Here, we can find ECA. It is here, and here, we find ACB.

So they overlap, and this allows us to save some symbols.

And this basically means that what we want to do in

this case is to find the permutation of our input strings.

That way, we would like just to find an order of these strings,

such that the sum of consecutive overlaps is as large as possible.

And this actually brings us to

the idea that this problem is indeed a permutation problem.

So what we're looking for is sum permutation of the n given strings.

For example, if we permute our six strings as follows,

so DAB becomes the first one,

ABE becomes the second one,

the short one is ECA, the fourth one is ACB,

the fifth one is CBD, and the sixth one is DFA.

Then we see that the consecutive strings here,

they have overlap two.

Then these two guys have overlap one, one symbol.

These two guys have overlap two,

as well as these two guys.

And finally, these two guys also have overlap one.

And this allows us to compress

all these strings just in this particular order into one string,

which gives us the shortest superstring

than what we get if we just concatenate all of them.

So once again, this brings us to an idea that,

though it was not obvious from the beginning,

but that the shortest common superstring problem is actually permutation problem.

And this, in fact, allows us to solve,

to reduce this problem to

the travelling salesman problem in which we're looking for a path of maximum weight.

So we can argue as follows.

So let's construct the so-called overlap graph.

So the nodes of our graph are just our input strings.

And then we add directed edges between every pair of the strings.

This results in the following graph.

So on every edge,

let's just focus on the highlighted edges.

For example, on the edge from CBD to DAB,

we put weight 1 just because the overlap of CBD and DAB is equal to 1.

So, indeed they share the letter D. On the edge from ACB to CBD, we put 2.

This just reflects the fact that the overlap from ACB to CBD is equal to 2.

Just because the suffix CB is equal to the prefix CB of the second string.

On the other hand, here, we put zero, from DAB to ACB,

because they do not have any non-trivial overlap.

This gives us a directed graph.

And what we would like to find in this graph is a path of maximum total weight.

So instead of minimum total weight,

as in the classical version of the travelling salesman problem,

we're looking for maximum because

the overlap actually tells us how many symbols we can save.

And we would like to save as many symbols as possible.

So instead of finding the minimum weight path,

we're looking for a maximum way path.

In almost all approaches that we're going to consider in this class,

actually it doesn't matter whether we're looking for a minimum path or for a maximum.

And, also, this illustrates nicely that sometimes we're interested in the minimum path,

sometimes we're interested in the maximum path.

So that's why we have prefix marks for this problem all just

to emphasize the fact that we're looking for the most heavy paths.

And also this letter A here stands for asymmetric.

This means that we have a directed graph.

So you can find such abbreviations in the literature.

So the travelling salesman problem is just a general notion.

And if you would like to specify

that you're looking for a longest paths in the directed graphs,

then you specify it is ATSP.

So, finally, when we construct such a graph,

and we find a path of maximum weight,

this gives us something like this.

So this a path of maximum weight in this particular graph.
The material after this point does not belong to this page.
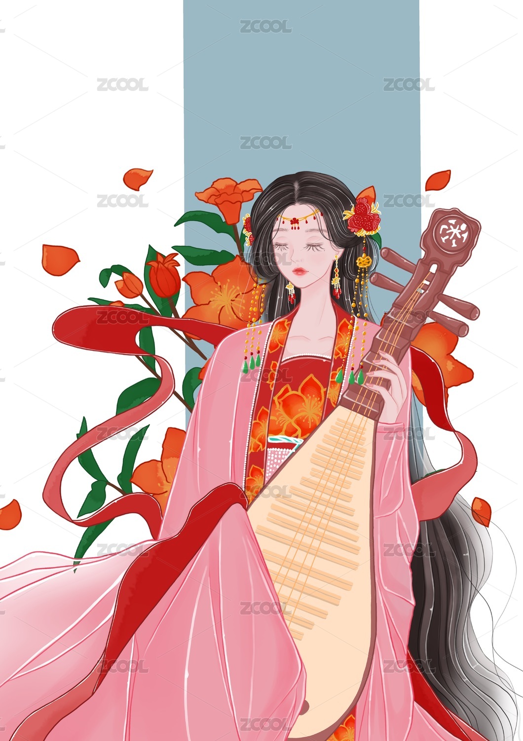 女古装插画人物乐器

So it goes as follows. So it visits all the nodes.

Then this path actually spells a superstring that is as short as possible.

So we start with DAB.

This is DAB.

Then we go to the next node.

We see that there is an overlap of size 2,

so which means that we already have AB in it.

So we have just E to this string.

Then from ABE, we go to ECA.

And we know that the overlap is equal to 1,

which means that we just append CA.

Just instead of appending three symbols,

we append three minus one symbols, and so on.

So by going through all these,

along these paths, we spelled the superstrings of all our n strings.

And the fact that this is a maximum path guarantees that what we

get is a superstring that saves as many symbols as possible,

which, in turn, means that it's the shortest common superstring.